Airgapped devices and networks
InternetI can’t help noticing how the term airgapped has morphed over time, and it’s implied security and isolation has been eroded.
In my past life doing process control and SCADA, airgapped meant exactly what it sounds like: a physical space between two devices separated by air or another physical barrier. This wasn’t a security consideration like it is in IT—or at least, not primarily—it was usually the result of two devices or cables being physically or electrically incompatible, or to prevent serious problems with equipment if inadvertently connected. I’m talking about electrical fundamentals like connecting two discrete AC sources, or real-time networks with different protocols.
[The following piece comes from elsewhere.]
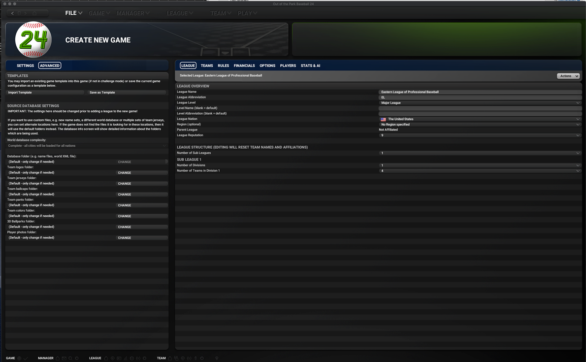 1) Don't want to have to delete a bunch of players with 1888 PCM modifiers 2) I wanted to load a template I already had with my settings for this first league in my fictional universe Still doesn't explain why this Advanced League Creation isn't working. |

In IT we mostly discuss airgapped devices and networks as a security feature. A sensitive device deliberately not connected to the Internet would be a classic—and dare I say, increasingly and disturbingly rare—example. The term loses some of its literal meaning when we start talking about wireless networks, and there have been academic examples of using speakers to take control of airgapped devices. But it still ultimately refers to deliberately-isolated gear.
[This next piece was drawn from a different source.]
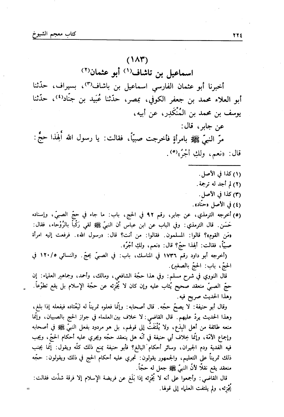 أَخْبَرَنَا أَبُو عُثْمَانَ الْفَارِسِيُّ إِسْمَاعِيلُ بْنُ بَاشَافَ بِسِيرَافَ، حَدَّثَنَا أَبُو الْعَلَاءِ مُحَمَّدُ بْنُ جَعْفَرٍ الْكُوفِيُّ بِمِصْرَ، حَدَّثَنَا عُبَيْدُ بْنُ جَنَّادٍ، حَدَّثَنَا يُوسُفُ بْنُ مُحَمَّدِ بْنِ الْمُنْكَدِرِ، عَنْ أَبِيهِ، عَنْ جَابِرٍ، قَالَ: مَرَّ النَّبِيُّ صَلَّى اللهُ عَلَيْهِ وَسَلَّمَ بِامْرَأَةٍ، فَأَخْرَجَتْ صَبِيًّا، فَقَالَتْ: يَا رَسُولَ اللَّهِ §أَلِهَذَا حَجٌّ؟ قَالَ: «نَعَمْ وَلَكِ أَجْرٌ»

But now I’m starting to see the term employed in the industry for logically separated, as opposed to physical. I’ve seen devices connected over a VLAN, or a VPN, or a separate port on the same NIC, as being described as airgapped in proposals and architecture diagrams. This doesn’t pass mustard for me; a deliberate conflation of two English idioms because that’s exactly what these pseudo-airgapped devices are doing.
While I concede physical separation is no panacea, that airgapped devices can still be attacked in other ways, and VPNs/VLANs/etc are robust and proven, I think we’re losing the meaning of the term using it more broadly like this.